Write out the full set of records exactly. Any pictures in them do not belong in the copy.

---

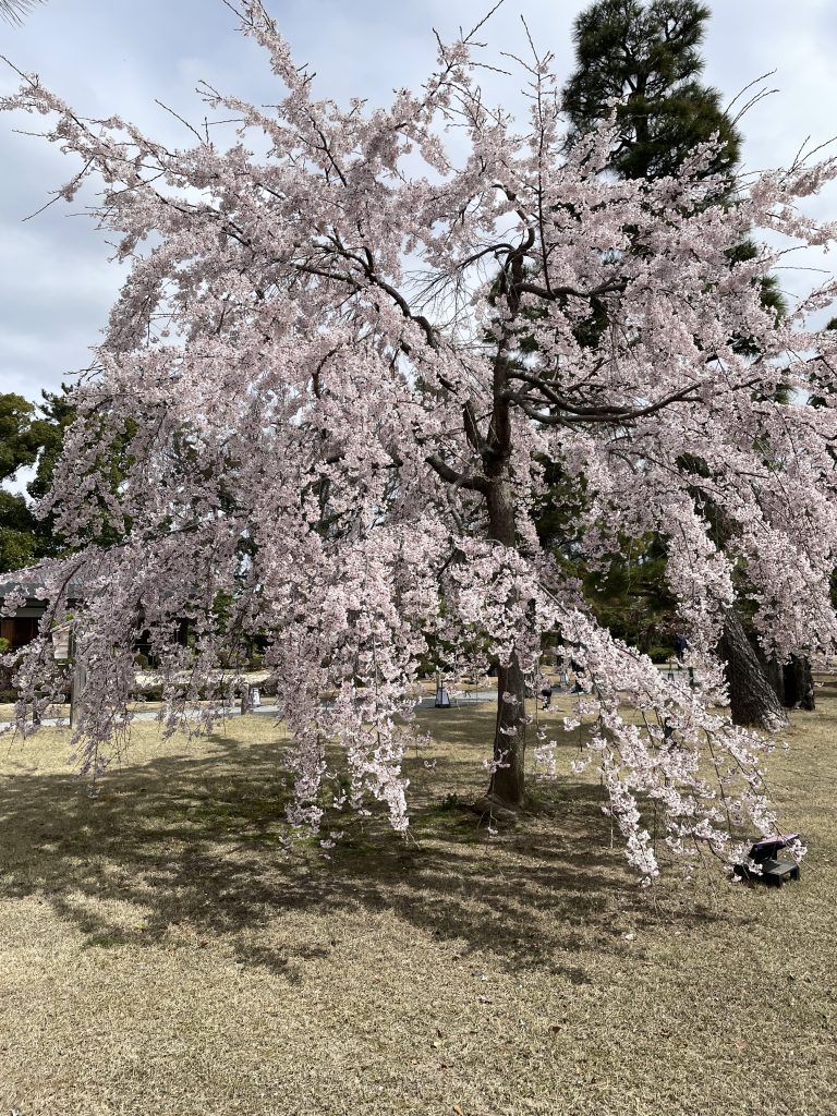 ここの枝垂桜はまだまだ。これは八重? 情報によれば、一重の枝垂桜は満開で、八重が咲き始めらしいです。
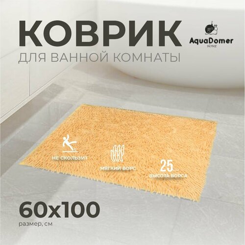 AquaDomer Коврик для ванной комнаты и туалета противоскользящий, размер 60х100 см, светло-бежевый
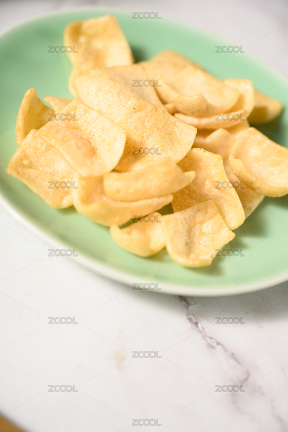 桌面上的盘子里的美味可口的油炸鱿鱼丝
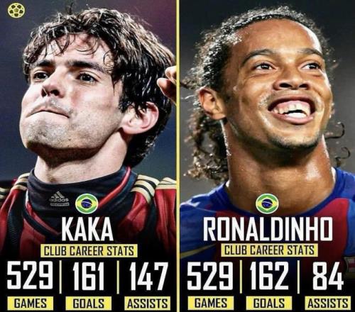 卡卡場(chǎng)均G+A為0.58,明顯高于羅納爾迪尼奧的0.47;助攻147比84占優(yōu),進(jìn)球基本持平(161vs162)。
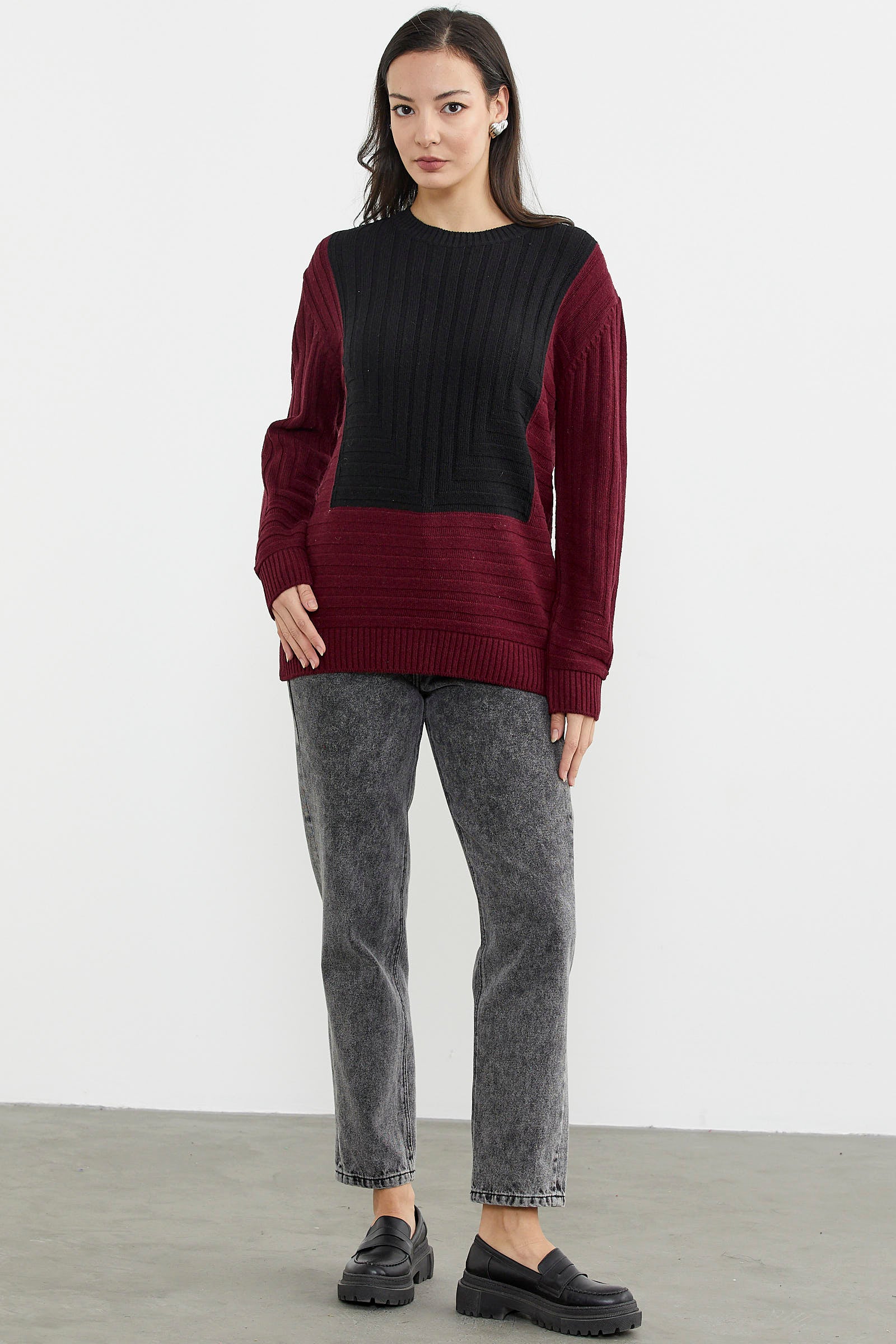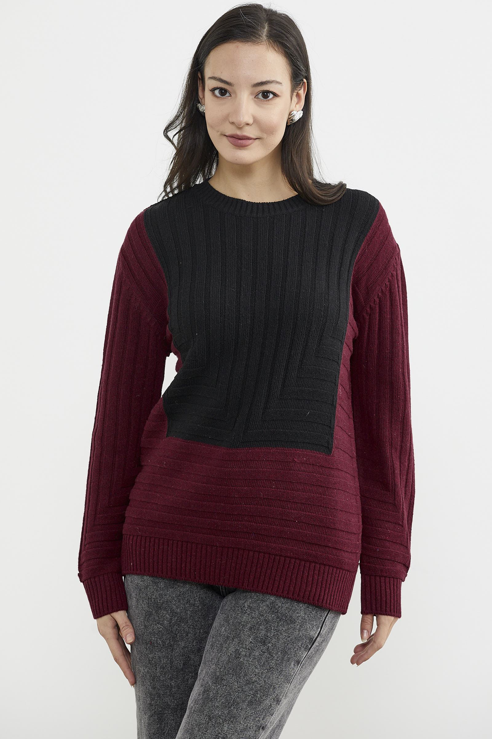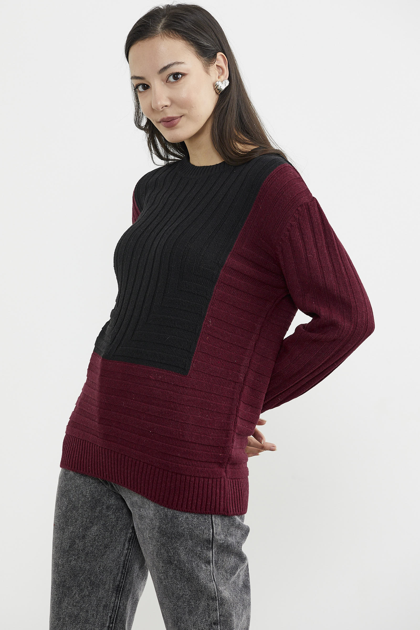 Çift Renk Kalın Fitilli Triko Kazak - Bordo - Siyah
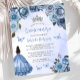 Denna vackra quinceañera-inbjudan har en gräns av blått ro med silver faux glitter blad i blå vattenfärg. En silver tiara, en mörk-ordförande i en blå prinsessa-klänning och små blå fjärilar dekorerar texten. Ord "Quinceañera" och hedersgästens namn visas i elegant blått handskriftsskript, med den återstående texten i grått sans serif font.

---

> **Finished task**
 ここの枝垂桜はまだまだ。これは八重? 情報によれば、一重の枝垂桜は満開で、八重が咲き始めらしいです。
 AquaDomer Коврик для ванной комнаты и туалета противоскользящий, размер 60х100 см, светло-бежевый
 桌面上的盘子里的美味可口的油炸鱿鱼丝
 卡卡場(chǎng)均G+A為0.58,明顯高于羅納爾迪尼奧的0.47;助攻147比84占優(yōu),進(jìn)球基本持平(161vs162)。
 Çift Renk Kalın Fitilli Triko Kazak - Bordo - Siyah
 Denna vackra quinceañera-inbjudan har en gräns av blått ro med silver faux glitter blad i blå vattenfärg. En silver tiara, en mörk-ordförande i en blå prinsessa-klänning och små blå fjärilar dekorerar texten. Ord "Quinceañera" och hedersgästens namn visas i elegant blått handskriftsskript, med den återstående texten i grått sans serif font.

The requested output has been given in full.